Chicago stoi w obliczu deficytu budżetowego na prawie 1 miliard dolarów

30 sierpnia 2024

Miasto Chicago stoi w obliczu ogromnego deficytu budżetowego na bisko miliard dolarów w 2025 roku. Burmistrz Brandon Johnson i jego zespół budżetowy poinformowali dziennikarzy o niektórych przyczynach, ale zaoferowali niewiele szczegółów na temat tego, jak planują rozwiązać ten problem.

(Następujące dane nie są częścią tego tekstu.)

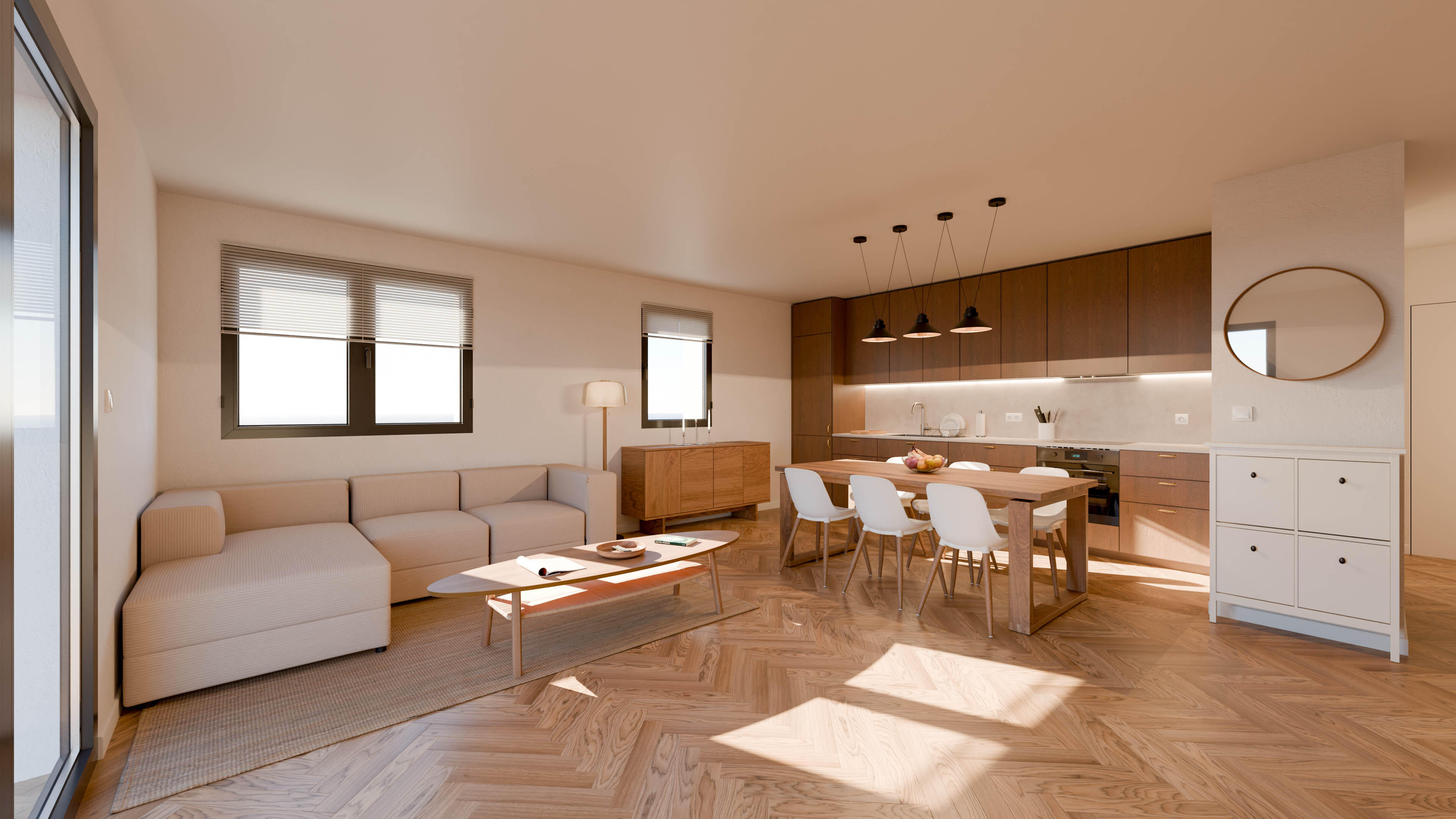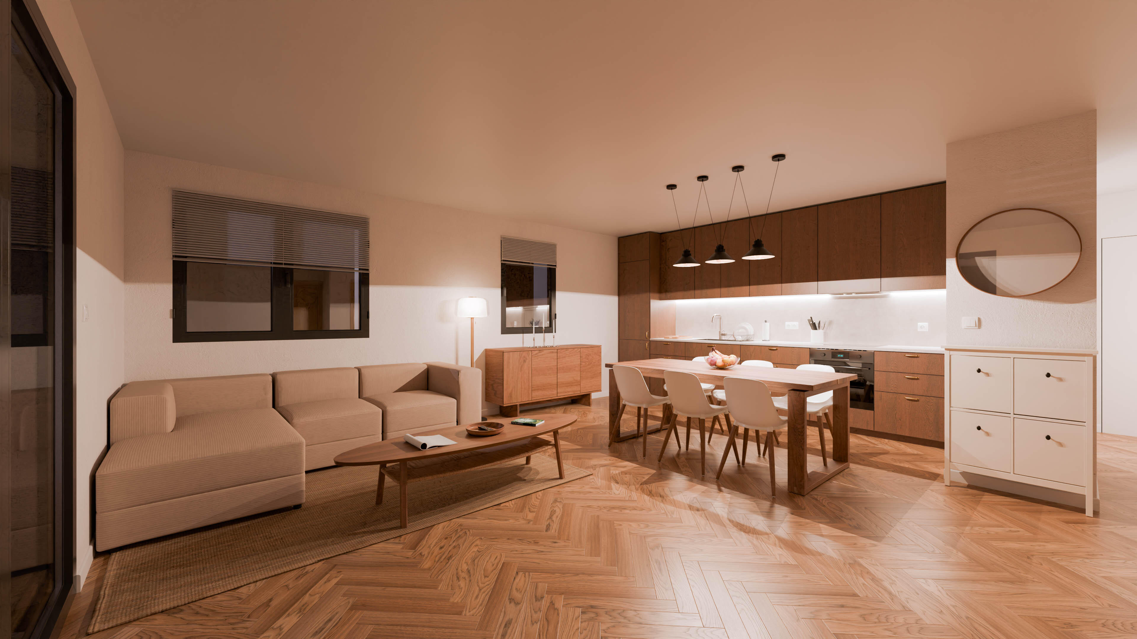 Conception et visualisation 3D d'un espace de vie de 50 m² alliant chaleur et minimalismeMise en avant d'une cuisine de caractère en chêne brun et détails laiton, s'ouvrant sur un salon au tonalités neutresTravail spécifique sur la dualité lumineuse : étude de l'ensoleillement diurne et création d'une ambiance nocturne feutrée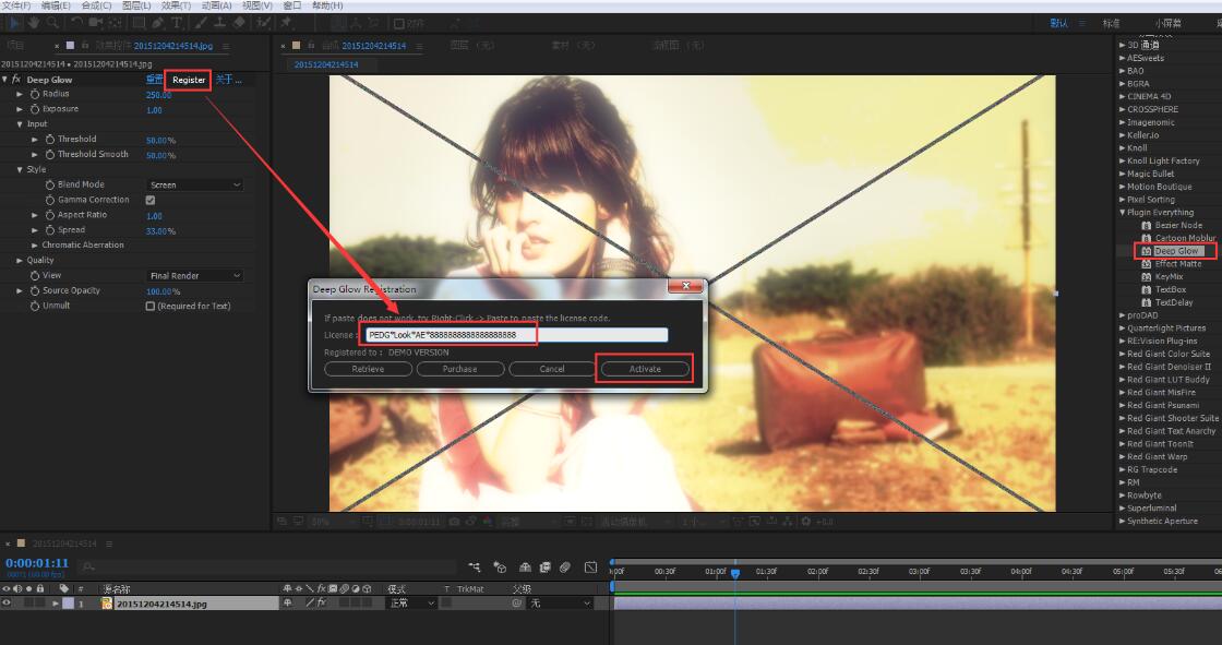2、打開AE軟件使用插件,輸入序列號(hào)注冊(cè)碼

Burmistrz unikał odpowiedzi na pytanie czy planuje podwyżkę podatku od nieruchomości w celu załatania dziury budżetowej szacowanej dokładnie na 982 milionów dolarów. „To tylko prognoza” – powiedział burmistrz Johnson. Dodał, że nie podjęto jeszcze żadnej decyzji. Johnson pominął automatyczną podwyżkę podatku od nieruchomości związaną z inflacją w zeszłym roku. Jeden z radnych powiedział jednak, że chicagowscy podatnicy powinni przygotować się na taką podwyżkę w tym roku. Za część deficytu obwinia się zwiększone koszty pracy i przewidywane podwyżki w związku z nowym kontraktem dla strażaków, który jest obecnie negocjowany i będzie obejmował zaległe wynagrodzenia. Problemem są również nadgodziny dla policji i innych departamentów. Miasto zwiększa ponadto swoje płatności emerytalne i spodziewa się spadku dochodów z podatku od paliwa, ponieważ oczekuje się, że ceny spadną. Burmistrz powiedział, że będzie współpracował z zainteresowanymi stronami, w tym pracownikami i społecznością biznesową, aby znaleźć rozwiązania. Brandon Johnson  nie chciał zdradzić, czy dodatkowego dochodu będzie szukał od gier wideo lub umieszczenia do nich automatów na lotniskach. Wiadomo jednak, że władze miasta rozważają przywrócenie niektórych opłat i stawek, wstrzymanych podczas pandemii. W budżecie zaplanowano między innymi 150 milionów dolarów na kryzys migracyjny czyli tyle samo co w zeszłym roku, pomimo znacznego spadku liczby osób przybywających do Chicago. I chociaż miasto było w stanie zamknąć tegoroczny deficyt w wysokości 538 milionów dolarów, skorygowana prognoza pokazuje, że miasto nadal stoi w obliczu deficytu w wysokości 223 milionów dolarów do końca tego roku. Przyczyną jest głównie składka emerytalna w wysokości 175 milionów dolarów należna Chicagowskim Szkołom Publicznym (CPS) oraz niedobór dochodów z podatku od osób prawnych. Miasto rozważa cięć wydatków, które mają częściową zniwelować niedobór budżetowy.